Different courts adopt different approaches to analyzing whether paraphrasing in factual works constitutes infringement. Some courts have held that some factual works, particularly functional works such as instructions, lack the creativity required to meet the threshold of originality, and thus there can be no valid copyright under the first Feist prong. Other courts follow the "merger doctrine". Under the merger doctrine, if there are only a limited number of ways in which an idea can be expressed, the expression is said to have "merged" with the idea, and thus there can be no valid copyright under the 1976 Act. Some courts employ "thin copyright", finding that there is a valid copyright of factual works, but that it is afforded only limited protection against "virtual identicality" or "bodily appropriation of copyrighted expression", thus permitting paraphrasing that might be prohibited in other circumstances. Finally, some courts find that all prongs of the Feist and Arnstein tests are met, but that the copying is nevertheless permitted under the fair use doctrine. Fair use analysis includes multiple factors, one of which is the "nature of the copyright work," and some courts find that factual works provide greater leeway for fair use than fictional works.
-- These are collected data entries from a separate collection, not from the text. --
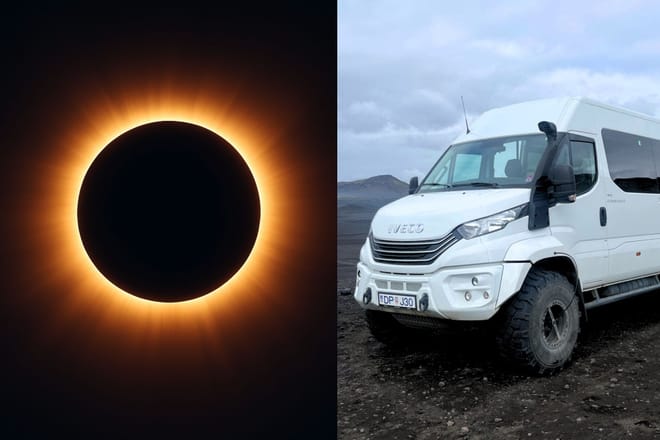 While waiting, enjoy a light picnic in the fresh Icelandic nature. When the eclipse begins, watch as daylight slowly turns into darkness — a truly unforgettable moment. After totality, we will celebrate together with a toast before heading back to Reykjavík.
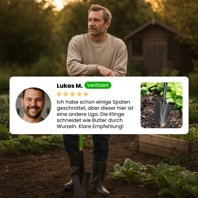 Mach kurzen Prozess mit Wurzeln, Steinen und hartem Boden! Der Wurzelspaten aus gehärtetem Carbonstahl kombiniert Kraft, Präzision und Komfort – ideal für Gärtner:innen, die effizient arbeiten wollen.
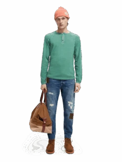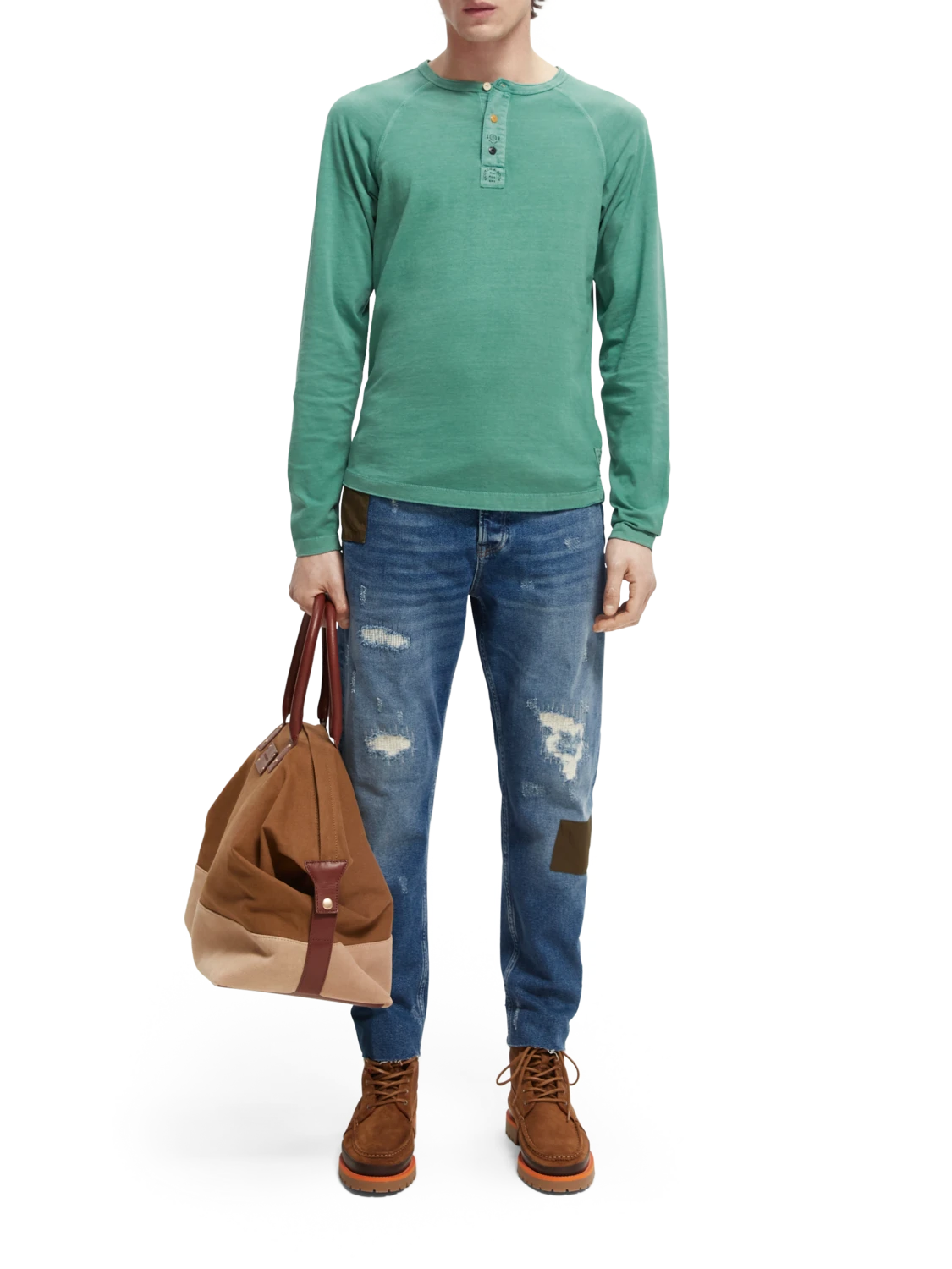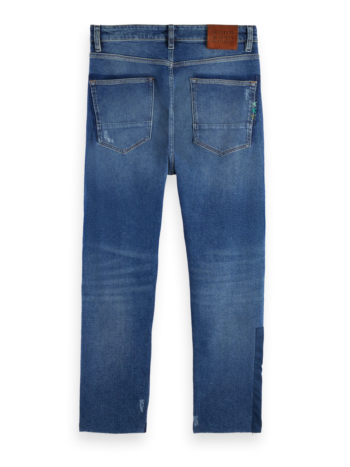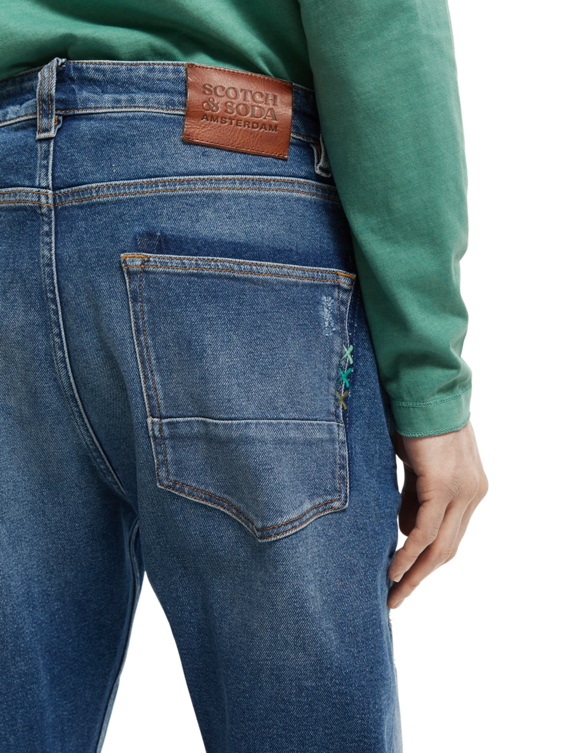 The Dean is our loose tapered-fit jean – with a wide-leg from hip to thigh that transitions into a more tailored ankle. Washed in a mid-blue tone with patchwork and distressed detailing, this relaxed style is finished with large back pockets and a button fly.

Nonfiction literary works, such as history books, newspaper articles, and biographies, are treated as factual works with similarly narrow copyright protection. An author's unique expressions are protected, but not the facts and theories themselves. Even the selection and arrangement of facts may not be protectable. For example, an author may arrange a series of facts to support a theory for why a historical event occurred, but if the author could prevent others from using the same selection and arrangement of facts, the author would have an effective monopoly on the theory itself, which would run counter to US copyright law's prohibition on copyrighting ideas.

For fictional works, more than "very close paraphrasing" is protected. US copyright law protects against paraphrasing a story by, for example, copying a detailed plot sequence but using different language for the dialogue. However, under the doctrine of "scènes à faire", it does not protect more general patterns, such as story themes and character prototypes. Some courts will distinguish between "literal" similarities, such as verbatim duplication or paraphrasing, and "nonliteral similarities", such as the details of a novel's plot, characters, or settings.
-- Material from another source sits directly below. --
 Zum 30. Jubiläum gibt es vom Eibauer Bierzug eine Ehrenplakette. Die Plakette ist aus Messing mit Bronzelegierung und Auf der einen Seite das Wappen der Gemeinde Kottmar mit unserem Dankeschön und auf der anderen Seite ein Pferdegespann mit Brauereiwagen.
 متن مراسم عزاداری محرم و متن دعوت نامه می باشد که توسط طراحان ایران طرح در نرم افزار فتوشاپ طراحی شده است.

In his 2008 book Copyright's Paradox, discussing the conflict between protecting copyright and protecting free speech, Neil Netanel says, "Yeats [borrowed] from Shelley; Kafka from Kleist and Dickens; Joyce from Homer; and T.S. Eliot from Shakespeare, Whitman and Baudelaire, all in ways that would infringe today's bloated copyright."

== In music ==
Paraphrase may apply to music as well as to writing. It was commonplace for Baroque, Classical and Romantic composers to create variations on each other's work without permission. This would not be allowed today.